Alternatively, you can run the inference with just a few lines of Python code.

from inspiremusic.cli.inference import InspireMusic
from inspiremusic.cli.inference import env_variables
if __name__ == "__main__":
  env_variables()
  model = InspireMusic(model_name = "InspireMusic-Base")
  model.inference("text-to-music", "Experience soothing and sensual instrumental jazz with a touch of Bossa Nova, perfect for a relaxing restaurant or spa ambiance.")

Music Continuation Task

One-line Shell script for music continuation task.

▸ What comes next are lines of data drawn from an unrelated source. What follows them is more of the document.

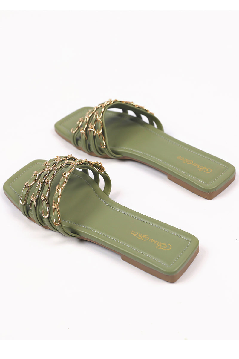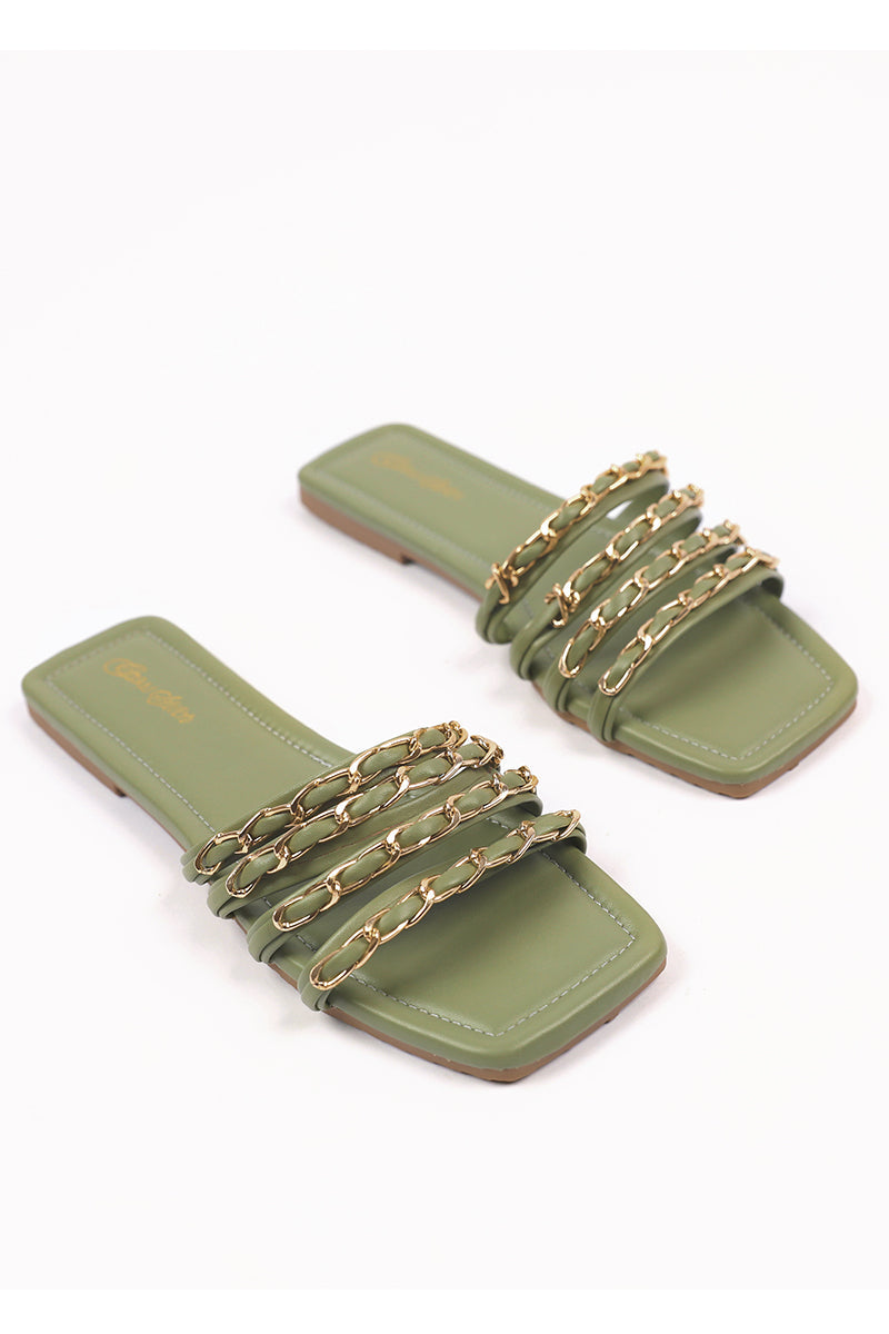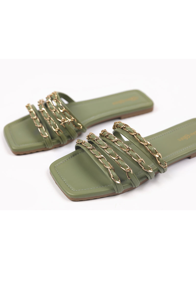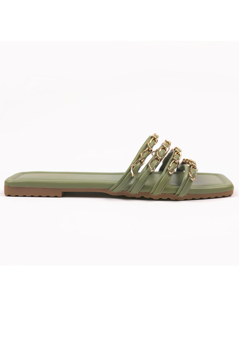 - Olive green chain straps on a matching matte base, perfect to complete any essential look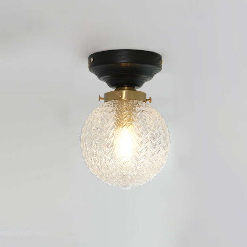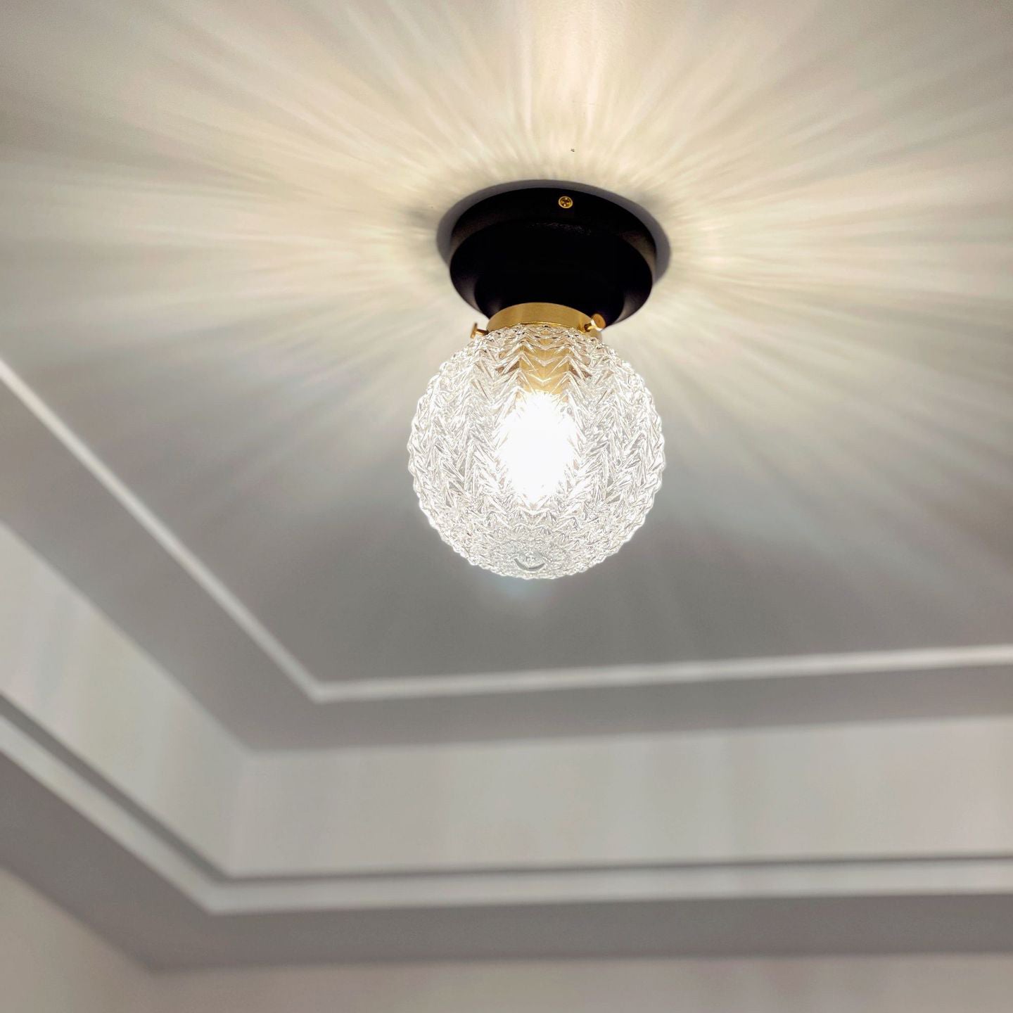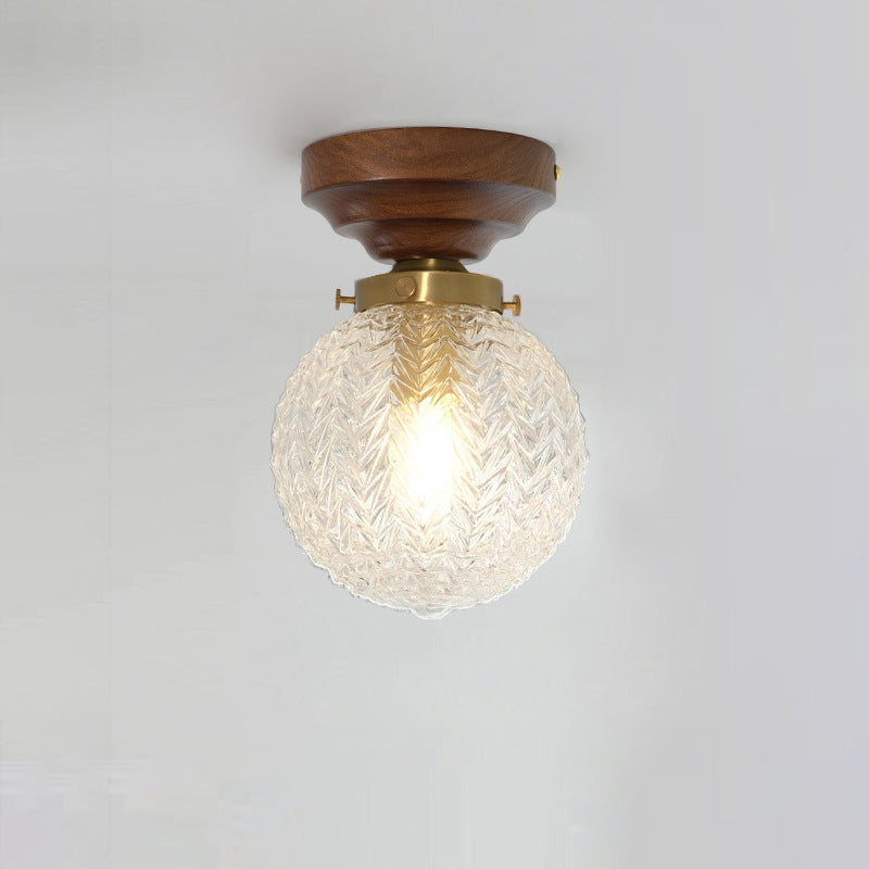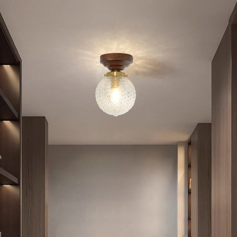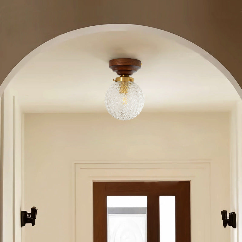 مصباح سقف فرنسي تقليدي مصنوع من خشب وزجاج وأوراق شجر، مزود بمصباح واحد، مثبت بشكل نصف مسطح، لغرفة المعيشة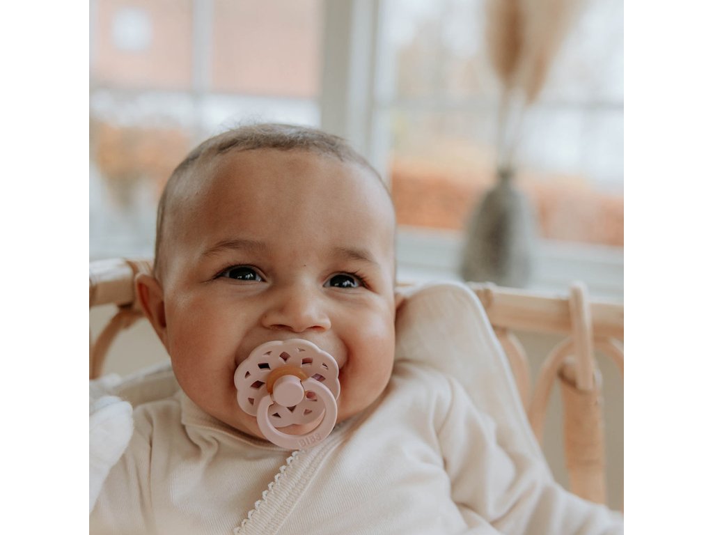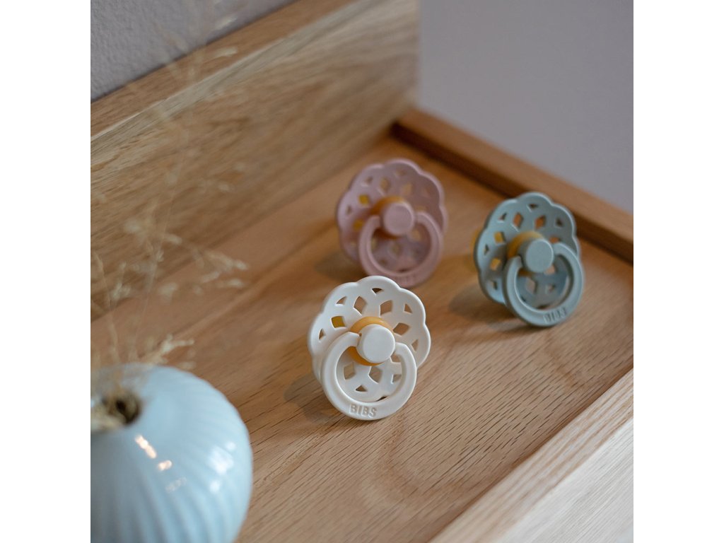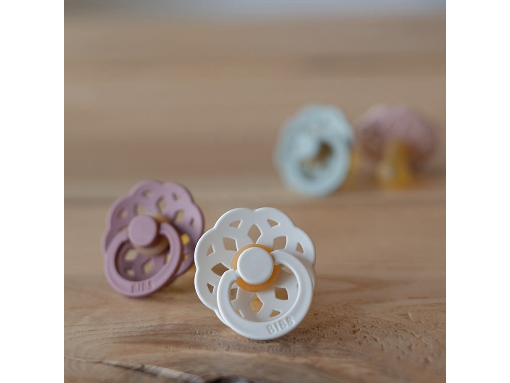 Dva cumlíky BIBS z prírodného kaučuku v štýlovom dizajne. Cumlíky sú extra ľahučké a dieťa saje len 100% prírodný bezpečný materiál.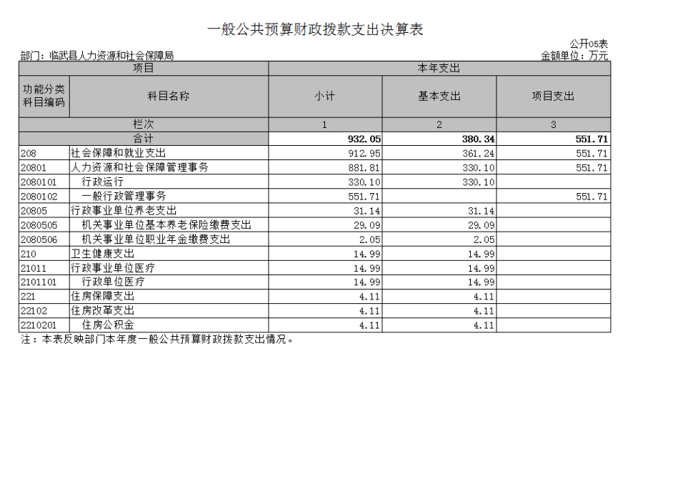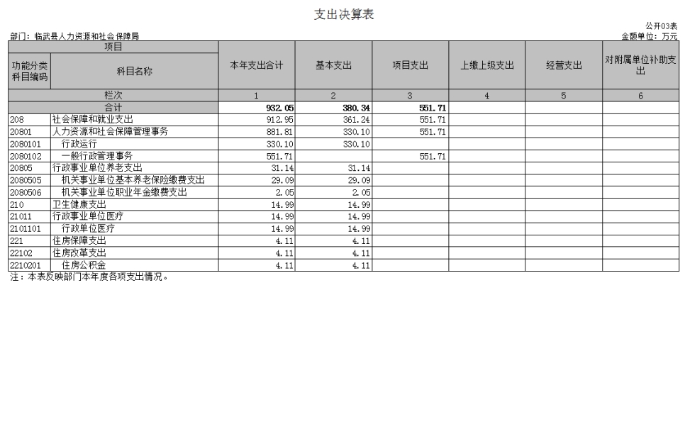 本年支出合计932.05万元,其中:基本支出380.34万元,占40.81%;项目支出551.71万元,占59.19%;上缴上级支出0万元,占0%;经营支出0万元,占0%;对附属单位补助支出0万元,占0%。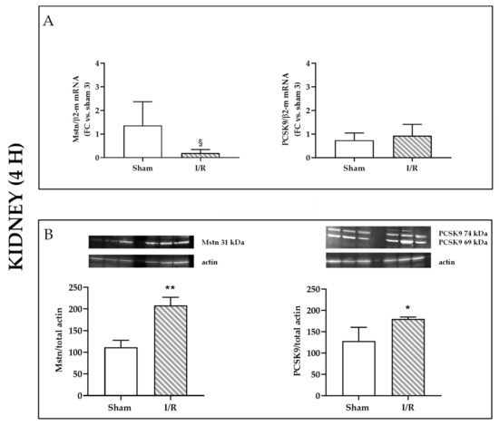 Kidneys of Sprague Dawley rats who had undergone 30 min of ischemia revealed, after 4 h of reflow, changes in Mstn and PCSK9: although mRNA levels were not significantly affected, with a tendency to Mstn lowering mRNA (Figure 1A), protein expression was augmented for both Mstn and PCSK9 (p < 0.01 and p < 0.05, respectively), as detected by western blot analysis (Figure 1B).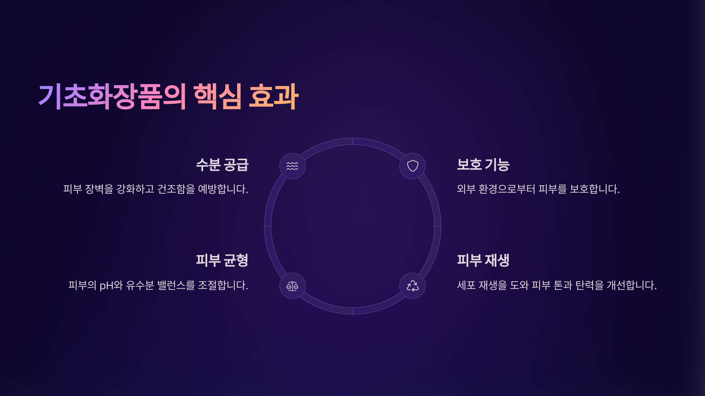 가장 기본적인 기능은 보습이에요. 토너와 로션, 에센스 또는 크림을 통해 수분을 공급하면 피부 장벽이 무너지지 않게 도와줘요. 수분 부족은 잔주름, 트러블, 각질 등 다양한 문제의 시작이기 때문에 첫 단계에서 충분히 케어해줘야 해요.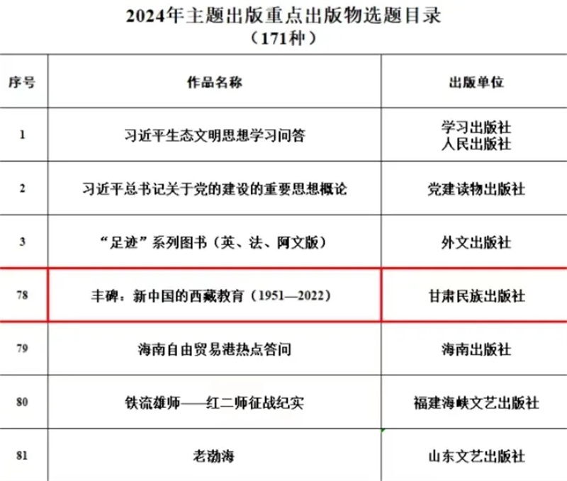 据《中央宣传部办公厅关于公布2024年主题出版重点出版物选题的通知》,甘肃民族出版社《丰碑:新中国的西藏教育(1951—2022)》入选选题目录。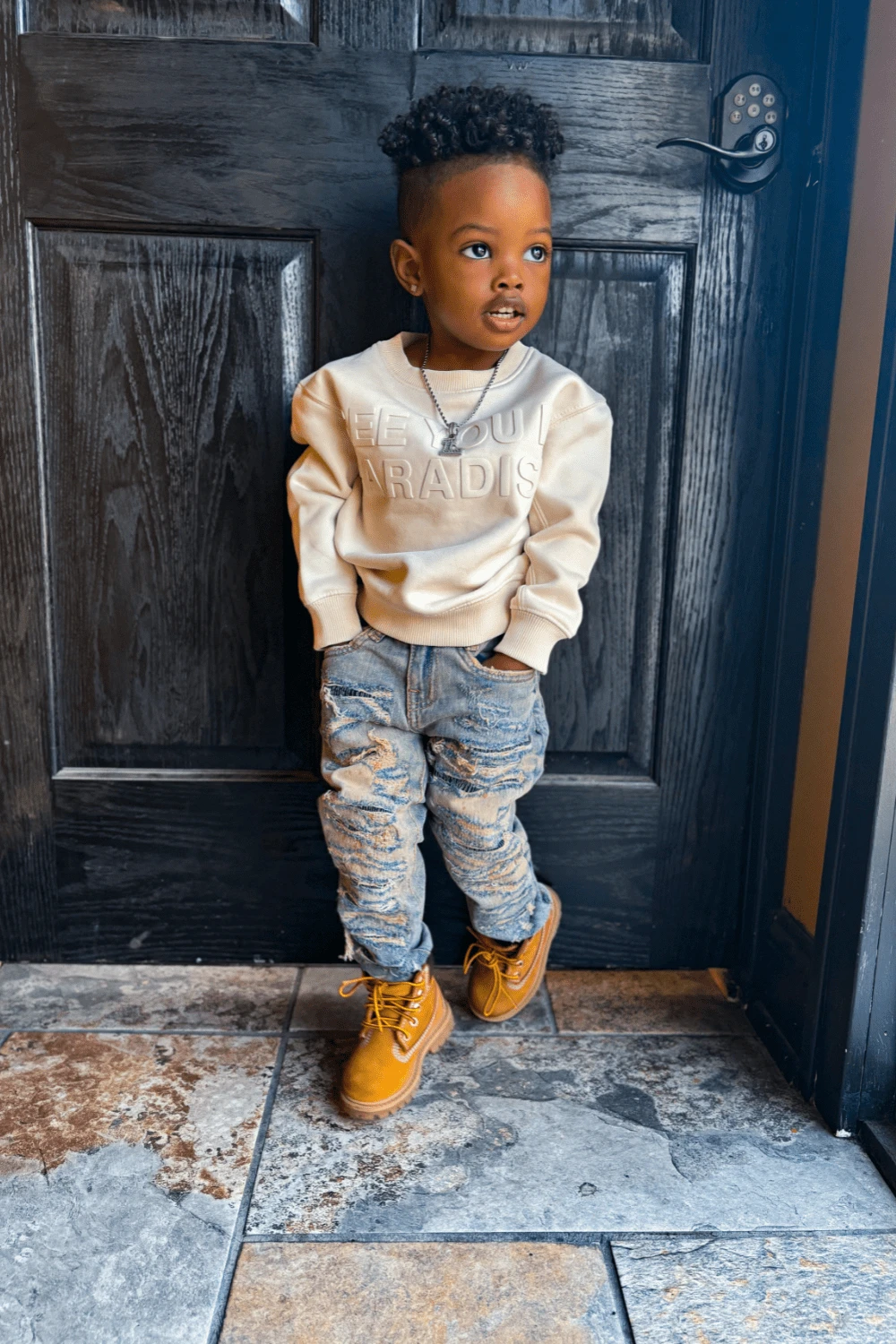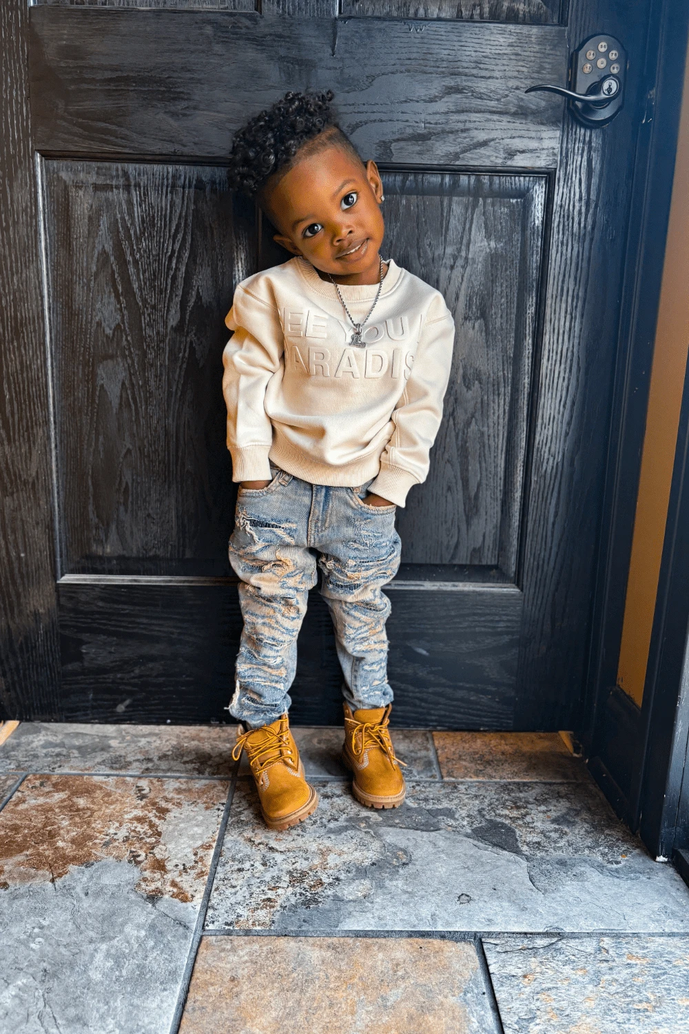 Lathan is wearing our Kids Gladiator Denim (Antique) in size 2T. Lathan is 2 years old.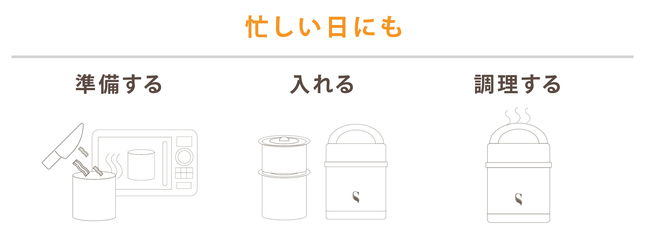 磁器製容器の中に食べ物を入れて、電子レンジで調理します*。一度に数種類の食べ物を重ねてレンジで調理することも可能です。食べ物から出る熱が真空断熱容器内を循環し、余熱で調理を継続したり、保温したりします。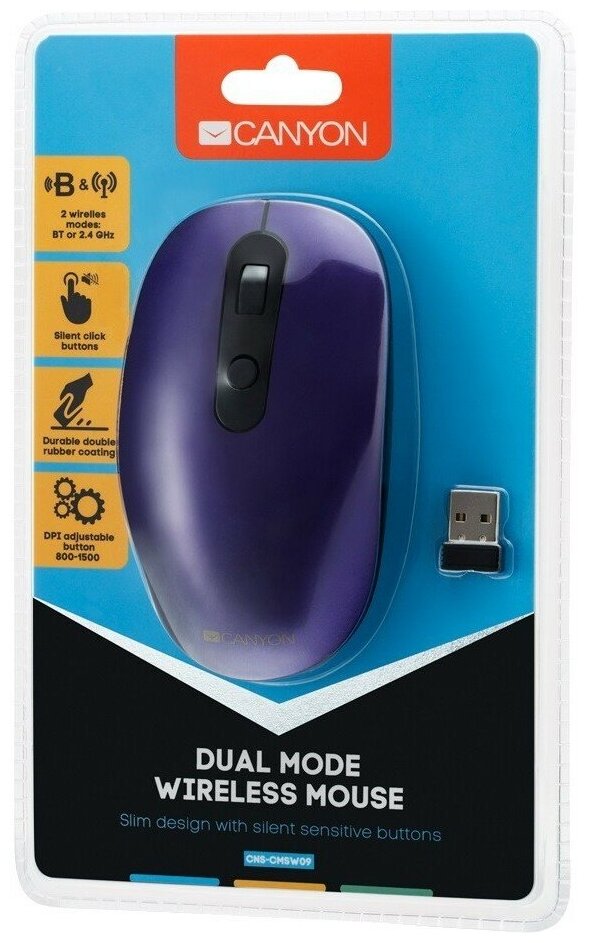 Мышь беспроводная Canyon MW-9, 1500dpi, Bluetooth/Wireless, Фиолетовый (Королевский пурпур) CNS-CMSW09V

cd examples/music_generation
# with flow matching
python -m inspiremusic.cli.inference --task continuation -g 0 -a audio_prompt.wav
# without flow matching
python -m inspiremusic.cli.inference --task continuation -g 0 -a audio_prompt.wav --fast True

Alternatively, you can run the inference with just a few lines of Python code.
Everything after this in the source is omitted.